OpenAI and Google trained their AI models on text transcribed from YouTube videos, potentially violating creators’ copyrights, according to The New York Times.
Note – the New York Times is embroiled in copyright lawsuits over AI, where they clearly show they don’t understand that an AI reading content is the same as a person reading content; that content being offered up for free with no paywall is free for everyone and that entering content and then asking for it back doesn’t mean that copyright is infringed.
[…]
It comes just days after YouTube CEO Neal Mohan said in an interview with Bloomberg Originals that OpenAI’s alleged use of YouTube videos to train its new text-to-video generator, Sora, would go against the platform’s policies.
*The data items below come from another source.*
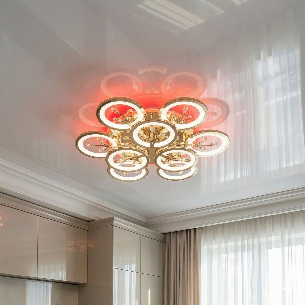 Эффектная и статусная световая инсталляция, сочетающая строгую геометрию колец и ювелирную изысканность кристаллического декора. Модель мощностью 140W разработана для основного освещения залов и гостиных площадью до 25 м², создавая роскошную атмосферу в золотых тонах.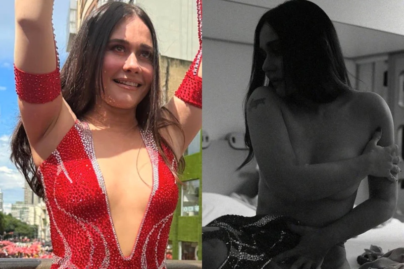 Alessandra Negrini surpreendeu seguidores ao publicar uma foto nua antes de desfilar no bloco Acadêmicos do Baixo Augusta, em São Paulo, neste domingo (12/2).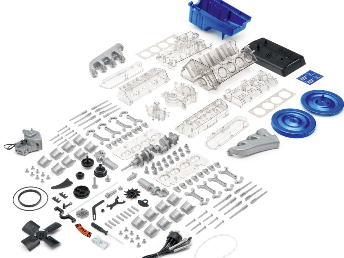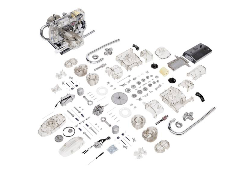 使用超过 290 个部件,您可以构建一个详细、透明的发动机模型,其中所有部件都可以移动,就像真实的发动机一样。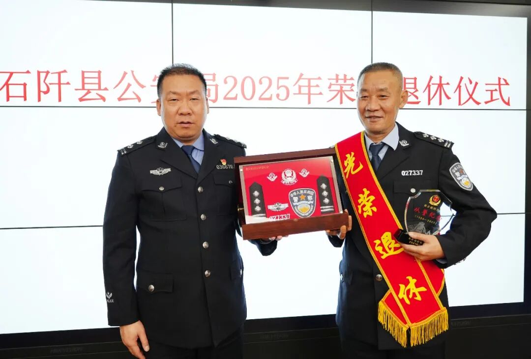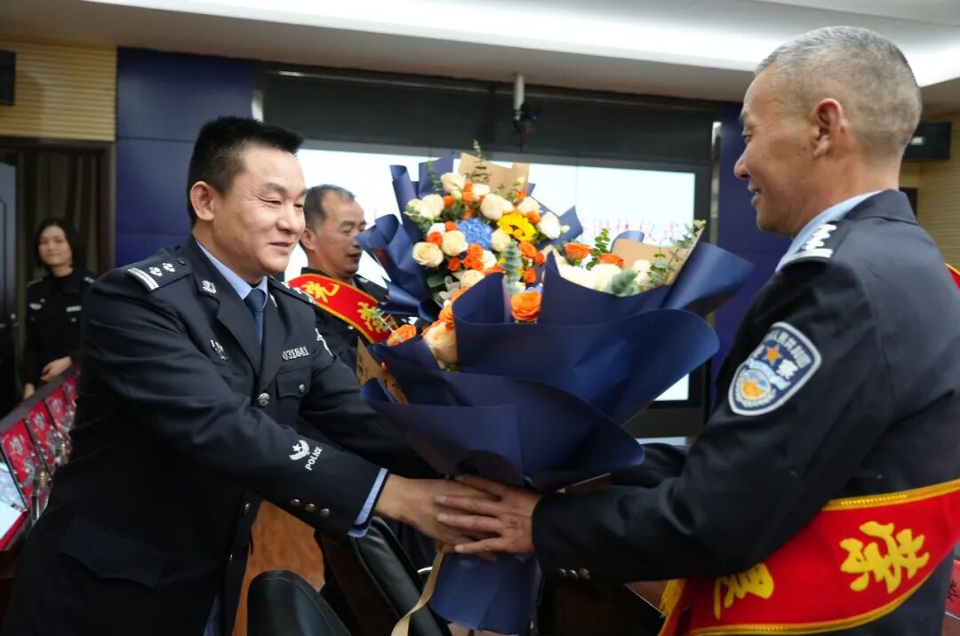 “你们是全体民警辅警学习的榜样和石阡公安事业的功臣,在各自的工作岗位上都作出了卓有成效的努力和贡献。”“这些年,石阡的街巷更平安了,乡亲们的笑容更踏实了,这里面有你们再也回不来的青春。这身警服,你们穿出了山的筋骨、水的韧性。今天,你们把肩上的担子稳稳地放下了,但‘人民警察’这四个字,已经长在你们骨子里了。以后,这里永远是你们的家,常回来看看,喝杯茶,说说心里话。”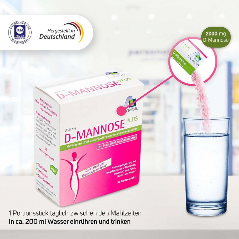 D-Mannose Plus 2000 mg Stick mit Niacin zur Erhaltung normaler Schleimhäute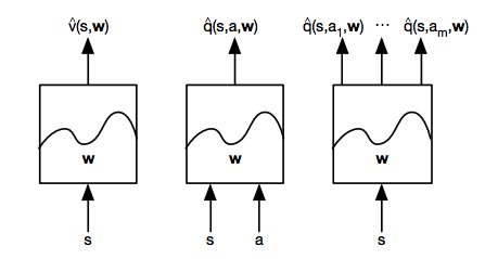 Each of these models are defined by a set of parameters, $\theta$ (also sometimes referred to as weights, $w$). With this value function approximator, we'll input a feature vector that describes a state or state-action pair and output the approximated value. In the following section, I'll discuss how we can train these model parameters to most closely match our best estimate of the value function.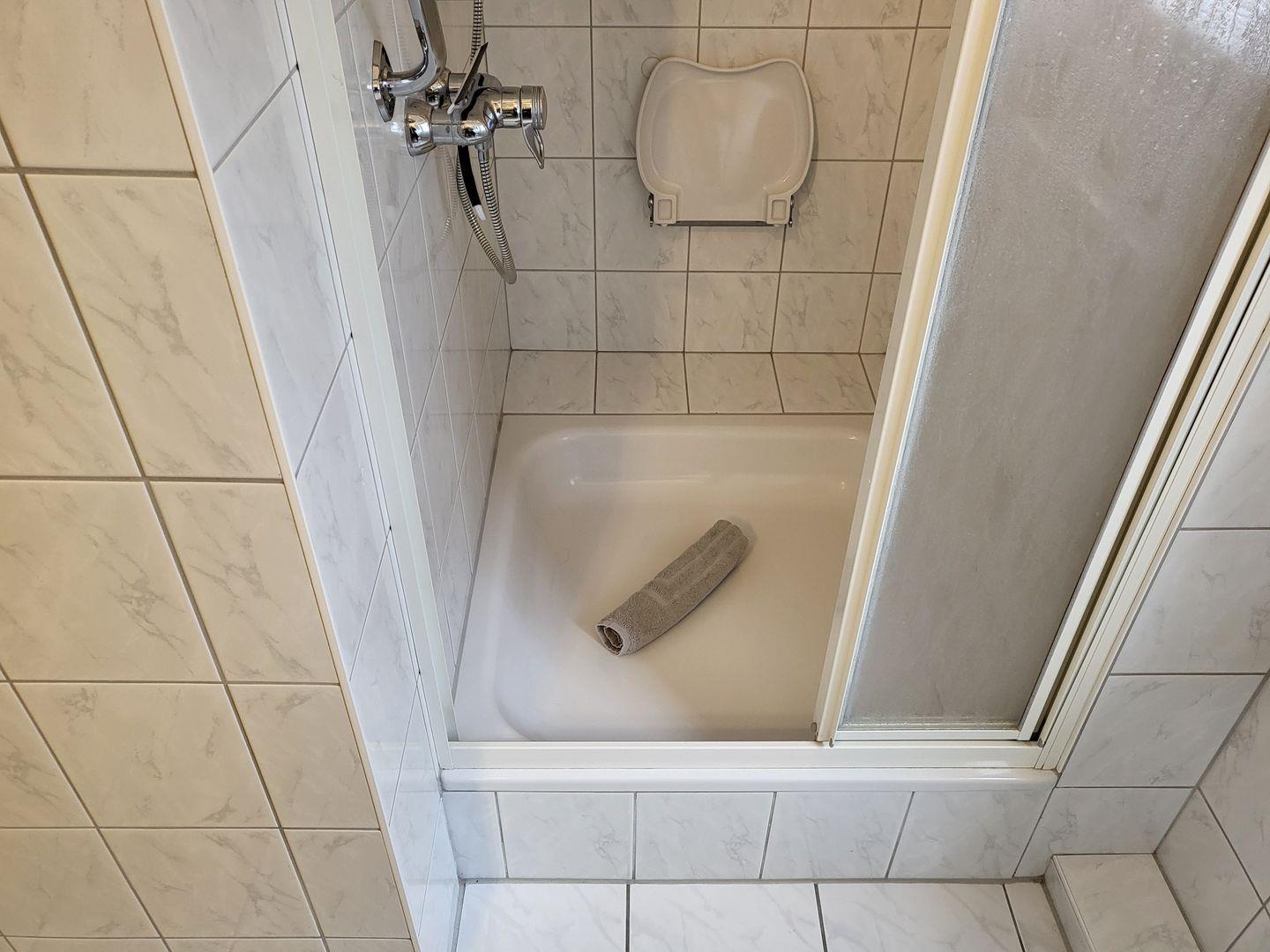 Duschbad mit WC und Fenster.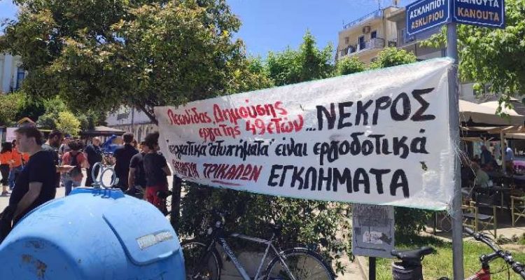 Συγκέντρωση διαμαρτυρίας για το πρόσφατο εργατικό ατύχημα σε γαλακτοβιομηχανία των Τρικάλων, με συνέπεια τον τραγικό θάνατο του 49χρονου εργαζόμενου Λεωνίδα Δημούση, πραγματοποίησαν το πρωί του Σαββάτου τα μέλη της Λέσχης εργασίας, αλληλεγγύης και πολιτισμού στην πλατεία Ρήγα Φεραίου της πόλης.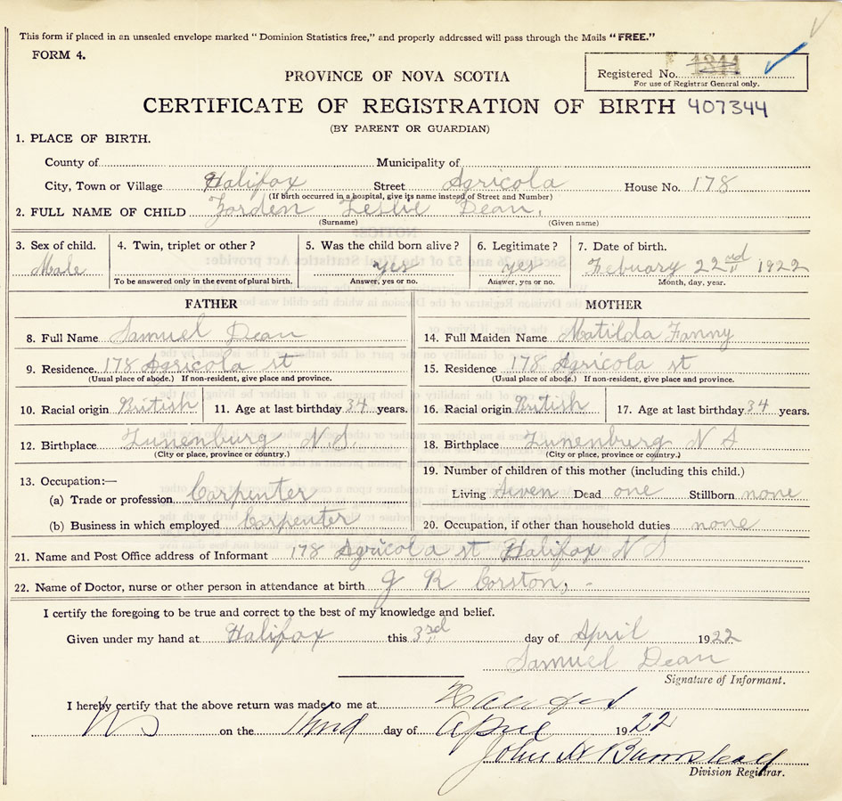 21. Name and Post Office address of Informant Samuel Dean 178 Agricola St, Halifax, Canada

According to the NYT, OpenAI used its Whisper speech recognition tool to transcribe more than one million hours of YouTube videos, which were then used to train GPT-4. The Information previously reported that OpenAI had used YouTube videos and podcasts to train the two AI systems. OpenAI president Greg Brockman was reportedly among the people on this team. Per Google’s rules, “unauthorized scraping or downloading of YouTube content” is not allowed
[…]
The way the data is stored in an ML model means that the data is not scraped or downloaded – unless you consider every view downloading or scraping though.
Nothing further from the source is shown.